Saturday, November 8, 2014

Beginnings

I'm thinking back to the times that I first learned how to do certain things-walking, running, rollerskating, driving, etc. Transitioning to the next step is always kind of awkward. Beginnings are all that way. They are uncomfortable, abnormal, and down right difficult sometimes!

I moved to Florida in July. Many months prior to this big move, I struggled with questions:
 Is this really where I am suppose to go? Am I being called to serve Him clear across the country? Can God use me this far from home? Am I going to be alone? Is this really God's Will for my life? 
I can't even begin to count on my two hands the amount of times I wrote down the pros and cons of such a major life decision. It was confusing and frustrating, yet it was the biggest decision I have ever had to make in 21 years. Not only was it the biggest decision but it was also the easiest.

Yes, you read correctly! All of my questions seemed to cease when I came across a familiar verse. Philippians 4:7 says, "And the peace of God, which passeth all understanding, shall keep your hearts and minds through Christ Jesus." At this point, I realized that I didn't need every single one of my questions to be answered but if I wanted peace, then I had to release myself of doubt. I had to let go of every question because in reality, that perfect peace that passes all understanding is the same peace that doesn't HAVE to understand everything. Knowing that I was going exactly where I was suppose to go and doing what I was suppose to be doing was enough for me.

Encouraged. Strong. Determined. All the things one would think I would be feeling. I was fearful, anxious, and worried. I was saying "YES" to God's Will. Yes, God was leading me away from those I hold close to my heart. Yes, He has protected, guided, and directed me up to this point. And yes, I wanted this. I was scared out of my mind. I wasn't scared of teaching because with God's calling comes God's enabling. I wasn't afraid of being alone because He promised me long ago that He would never leave me nor forsake me.

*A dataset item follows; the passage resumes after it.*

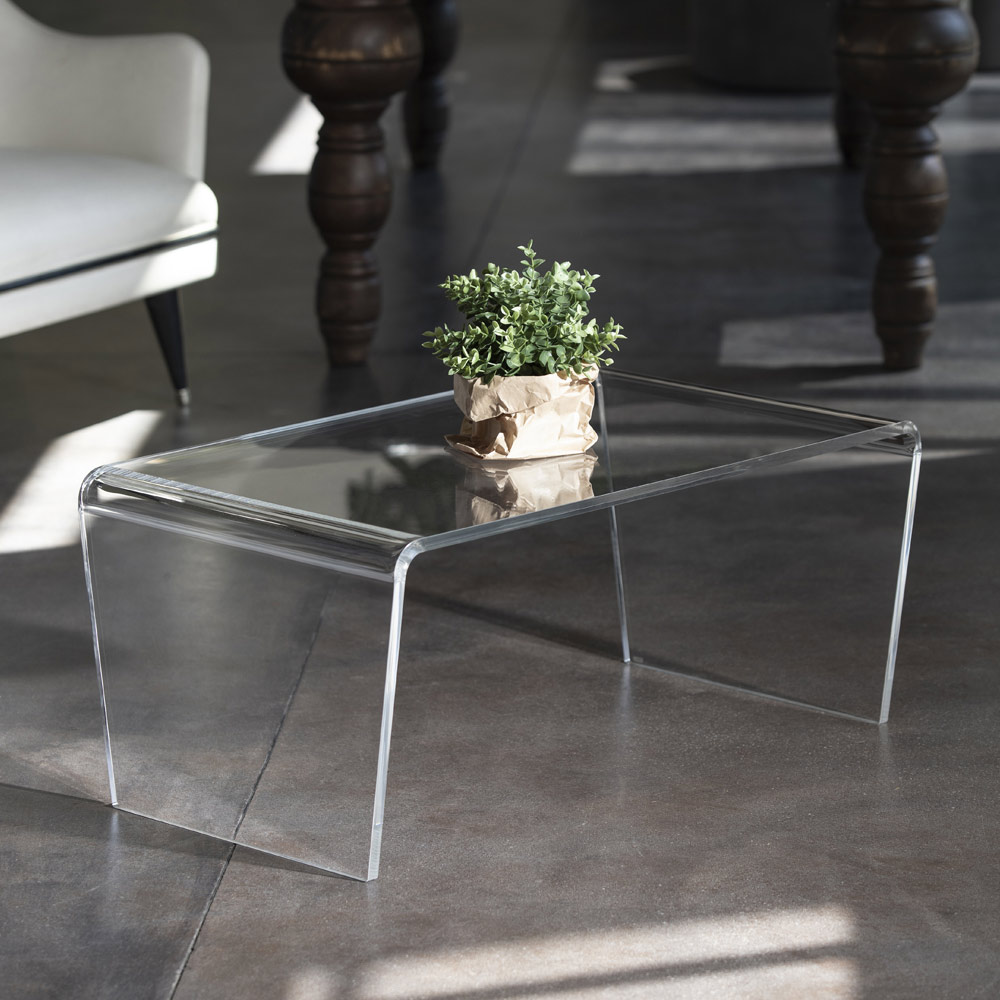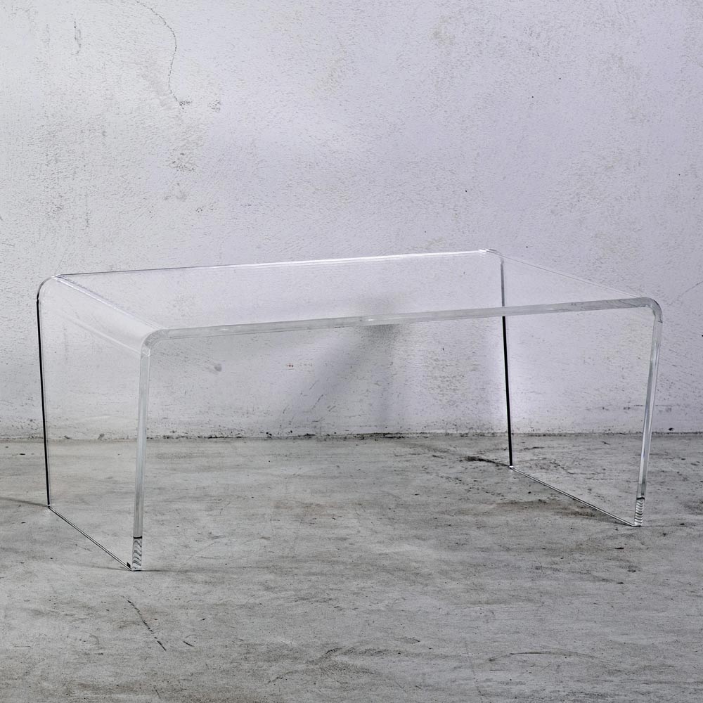 Rectangular coffee table in hand-folded transparent acrylic crystal made in Italy.

I was afraid of the unknown. Isn't everyone? I wanted to know what was going to happen, what to expect, what to anticipate. In Acts 20:22, Paul made the story of his own life clear by saying, "...I go bound in the spirit unto Jerusalem, not knowing the things that shall befall me there:" I didn't know then, nor do I even know now, what God was or is going to do with me in Florida-in my "Jerusalem". But I'm excited about it!

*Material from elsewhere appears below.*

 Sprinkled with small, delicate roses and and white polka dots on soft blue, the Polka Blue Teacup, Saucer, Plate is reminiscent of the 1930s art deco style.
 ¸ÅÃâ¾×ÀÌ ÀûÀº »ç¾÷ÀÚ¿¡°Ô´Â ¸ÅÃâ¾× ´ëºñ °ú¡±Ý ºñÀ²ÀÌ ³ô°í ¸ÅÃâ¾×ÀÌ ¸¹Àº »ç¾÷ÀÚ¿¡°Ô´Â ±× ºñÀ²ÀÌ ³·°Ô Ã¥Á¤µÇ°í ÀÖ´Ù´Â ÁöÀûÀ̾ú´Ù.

I knew God was leading me away from the place and people that I hold close to my heart, but He has also given me more people to fill my heart with. I knew that He had always protected, guided, and directed me and He will continue to do that no matter where He takes me. And I still wanted this-God's Will-more than I've ever wanted anything else.

I thought walking, running, and driving-all of those "beginnings"-were awkward and difficult moments in life but moving across the country definitely has got them beat! These moments were also the start of something extraordinary. I'm beyond blessed to be on this beautiful journey and I wouldn't trade it in for anything!

Because of His infinite love and His amazing grace, I will forever be....Anchored in Him.